1. ## Effect of phase shifting the Fourier transform

Hello!

I am trying to do the following experiment using MATLAB (this is a math question, not a MATLAB question):

1) Calculate the 2D Fourier transform of a grayscale image (range: 0-1/black=0,white=1)
2) Phase shift every single (complex!) pixel in the 2D Fourier transform with the same phase shift value (e.g. 0.5 becomes 0.5i with a phase shift of pi/2)
3) Do an inverse 2D Fourier transform (after the phase shifting) and obtain a new image.

The code I used for the phase shifting:
absoluteValue = abs(fourierImage);
newFourierImage = absoluteValue .* exp(phase * 1i);

The thing is that after doing this, the new image looks exactly the same as the original image, however the pixels in the new image are plotted as the absolute value of that pixel. Plotting only the real part does yield a different result, but these are really distorted images, so I am just plotting the absolute values.

My question is: is it correct that the absolute value of the new image looks exactly the same as the original image? If not, what should I be expecting to see?

2. ## Re: Effect of phase shifting the Fourier transform

greyscale pixels are one dimensional objects. They have amplitude and that's all. Applying a phase shift to a greyscale image will have no effect as a phase shift doesn't affect the amplitude.

Phase shifts will very much have effect if you start performing complex filtering on the image or do coherent combination of images, but won't affect just the appearance of the image.
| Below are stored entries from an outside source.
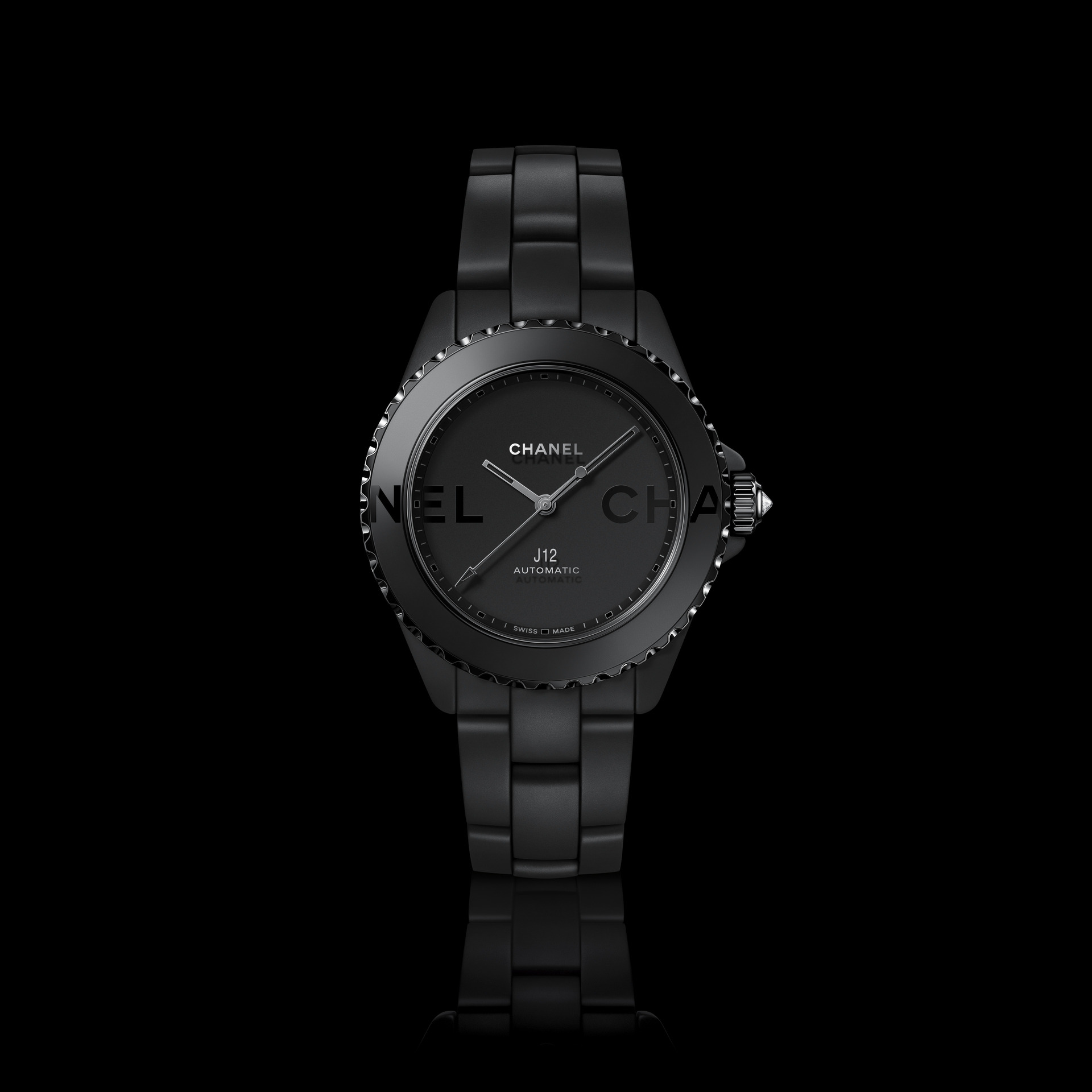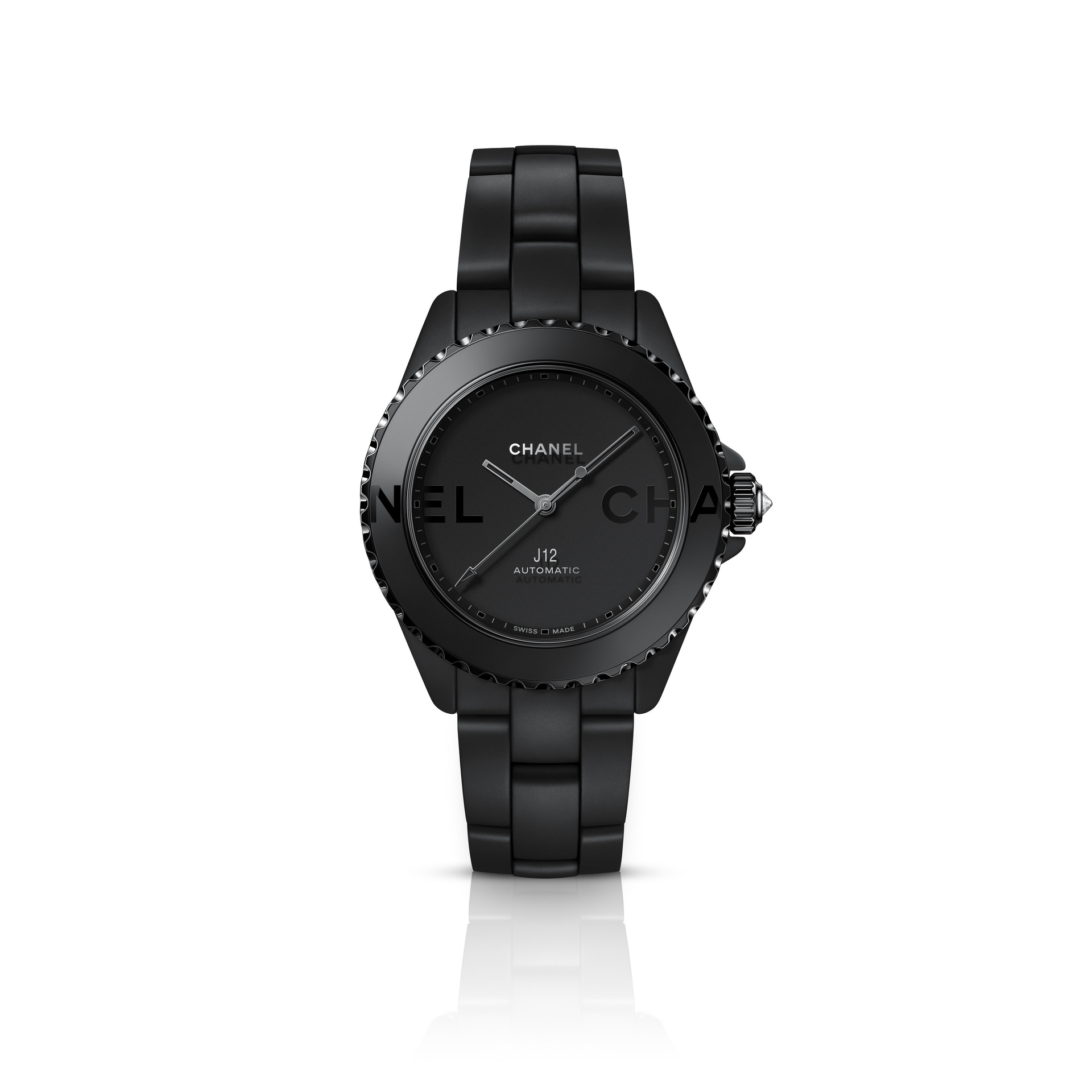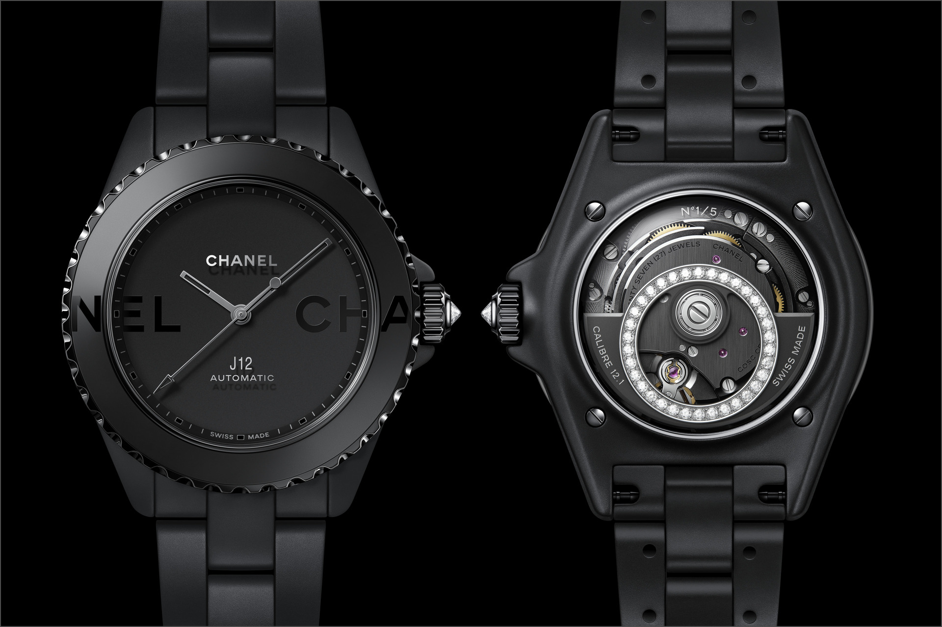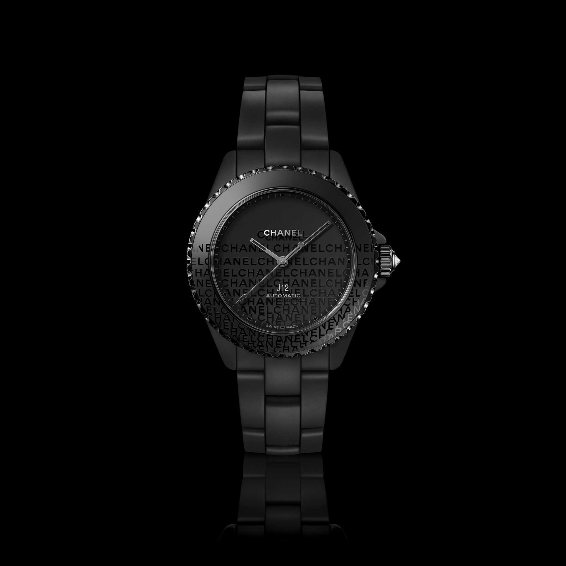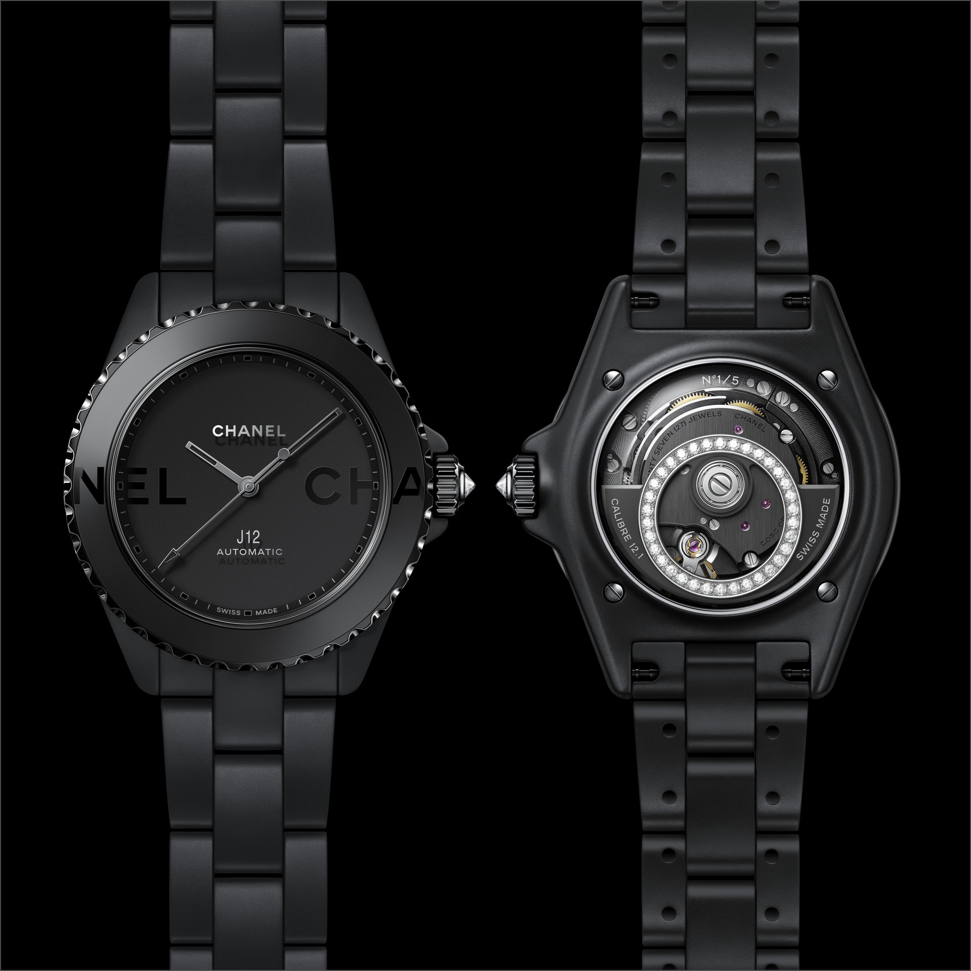 Les six J12 38 mm en céramique noire ton sur ton sont équipées du Calibre 12.1, serti de 34 diamants taille brillant. Un diamant ponctue la couronne de chaque montre.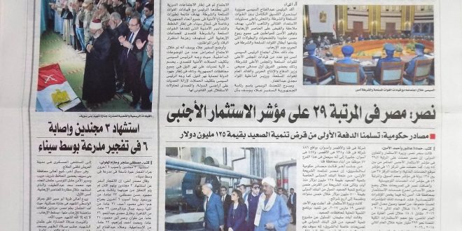 وفي الملف الأمني.. دخلت الحرب في سيناء مرحلة المواجهات المباشرة وتواصل نزيف الدماء المصرية جراء فشل سياسات جنرال العسكر الدموي، حيث أشارت الصحف إلى مقتل 4 مجندين وإصابة 6 فى انفجار عبوة بالعريش.. مسلحون يستهدفون معهدًا أزهريًا بـ”عبوات ناسفة” للمرة الثانية.. في الوقت ذاته أجرت الوطن حوارا مع مستشار كلية القادة والأركان.. “الشهاوى” زعم فيه أن عملية “حق الشهيد” حققت نتائج هائلة فى سيناء رغم مقتل 12 أول من أمس بينهم 5 ضباط ومقتل وإصابة 10 أمس.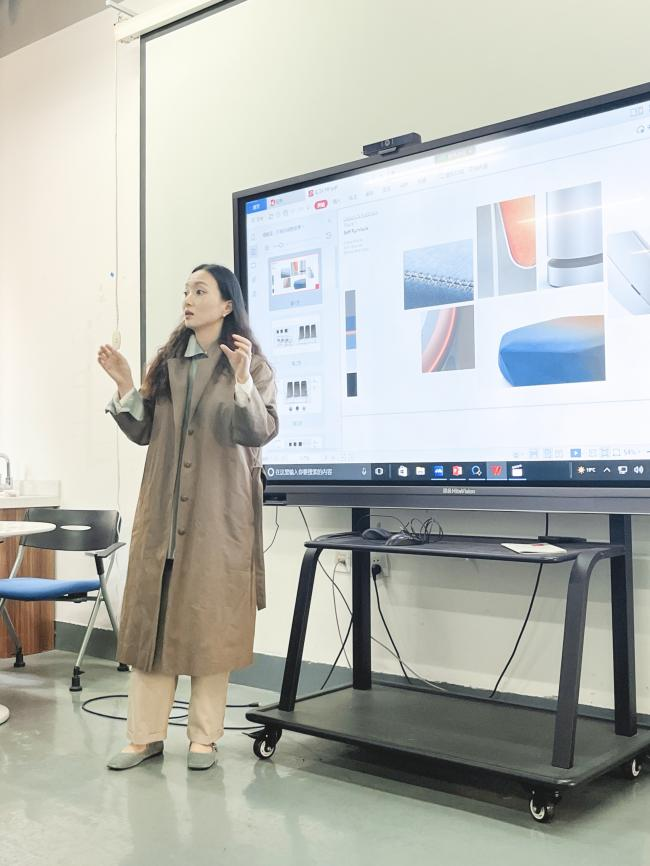 硕士毕业于英国皇家艺术学院纺织品专业的周颖青博士给学弟学妹们分享了她硕士期间在英国工业设计公司Tangerine色彩材料工艺(CMF)设计岗位的实习经历以及博士入学前在深圳华为担任平板CMF主创设计师的工作经历。通过自身参与的HUAWEI Mate pad11, Mate bookE等多项案例,周学姐向学弟学妹们展示了CMF设计在产品设计中的重要性。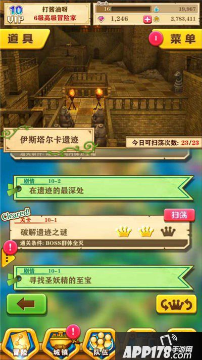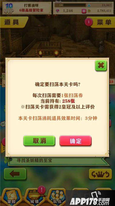 参与扫荡的方式也很简单。只要玩家在冒险副本过关后的星级评定达到了2皇冠以上(包括2皇冠),点击关卡界面每个关卡右上方粉红色的扫荡标识进入扫荡页面,随后玩家选择使用1张扫荡卷后即可开始扫荡。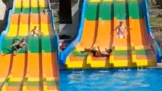Los toboganes de agua son un medio de entretenimiento y actividad al aire libre en la mayoría de los parques acuáticos, pero estos también pueden ser peligrosos cuando factores como la altura y la velocidad se toman con medidas extremas. Así lo demuestra el clip publicado por la cuenta @luiscu, en donde se ve a un grupo de personas disfrutando de un día de piscina.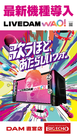 【カラオケ 小田原】 最新AI技術と業界最高クラスの音響が融合した「ライブダムワオ」は、まさに"歌う感動"を超えるエンターテインメント。臨場感あるライブ映像、アーティスト本人映像、リアルタイム採点で、あなたの歌がもっと輝く。全国採点GPや精密採点Aiで、自分の実力を確かめよう!「ワオ!」と驚く新体験が、ここにある。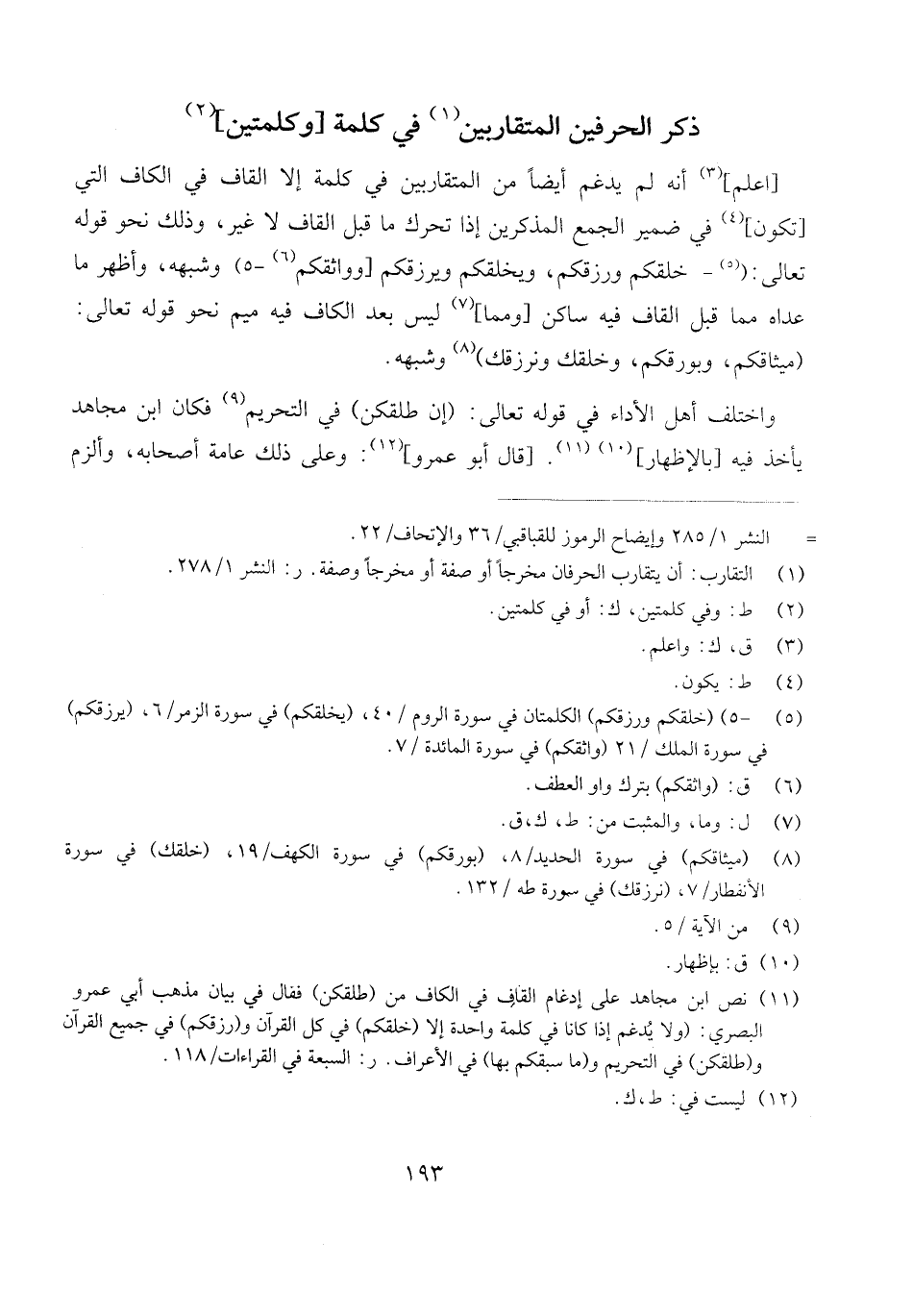 : وَاعْلَم أَن اليزيدي حكى عَن أبي عَمْرو أَنه أدغم كَانَ إِذا الْحَرْف الأول من الحرفين فِي مثله [أَو مقاربة] وَسَوَاء سكن مَا قبلهَا أَو تحرّك وَكَانَ مخفوضا أَو مَرْفُوعا أَشَارَ إِلَى حركته تِلْكَ دلَالَة عَلَيْهَا [مِنْهُ] وَالْإِشَارَة تكون روما وإشماما وَالروم آكِد لما فِيهِ من الْبَيَان عَن كَيْفيَّة الْحَرَكَة غير أَن الْإِدْغَام الصَّحِيح يمْتَنع مَعَه وَيصِح مَعَ الإشمام، [والإشمام] فِي المخفوض مُمْتَنع (7 - لبعد ذَلِك الْعُضْو عَن مخرج الْخَفْض) [فَإِن] كَانَ الْحَرْف الأول مَنْصُوبًا لم يشر إِلَى حركته لخفتها وَكَذَلِكَ لَا يُشِير إِلَى الْحَرَكَة فِي الْمِيم إِذا لقِيت [مثلهَا] أَو بَاء، وَفِي الْبَاء إِذا لقِيت مثلهَا أَو ميما بِأَيّ حَرَكَة تحرّك ذَلِك لِأَن الْإِشَارَة تتعذر فِي ذَلِك من أجل انطباق الشفتين وَبِاللَّهِ التَّوْفِيق.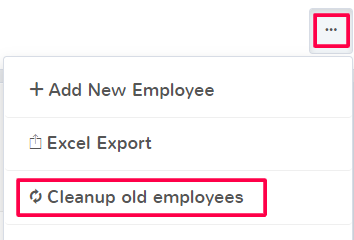 In the top right click the ellipses (…) to see more options and select Cleanup old employees. This will permanently erase the employee data for any previously deleted employees. This means these employees can no longer be made active again, or have their information changed.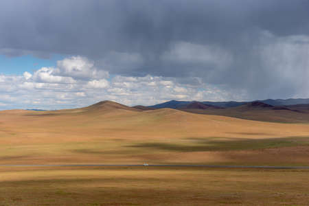 Aerial view of steppe and mountains with rain landscape in Orkhon valley, Mongolia
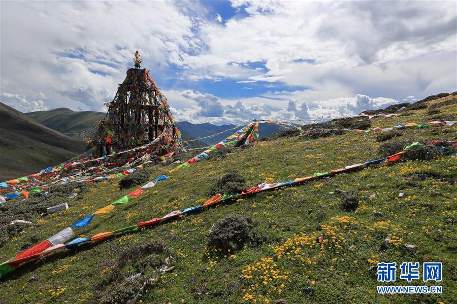 在川藏公路四川折多山埡口,藍天白云與經(jīng)幡、草地、鮮花構成一幅美麗畫卷(6月28日攝)。新華社記者江宏景攝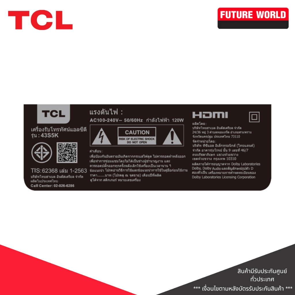 TCL 43-50 นิ้ว รุ่น 43S5K และ 50S5K HDR 10 QLED TV S5K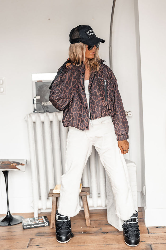 Allure cool et sporty pour le blouson Fawn léopard by Grungemama. Un blouson aussi bien mode avec sa coupe courte oversize trapèze que pratique avec sa matière déperlante. On aime l’enfiler pour filer au yoga.

3. ## Re: Effect of phase shifting the Fourier transform

I am not phase shifting the image itself, but its Fourier transform (which does have complex pixels). Even when I give each line of complex pixels in the Fourier transform a different phase shift, the new image (after the inverse 2D Fourier transform) still looks the same. Is this correct? Why does this happen? Some mathematical insight would be nice

Anyone?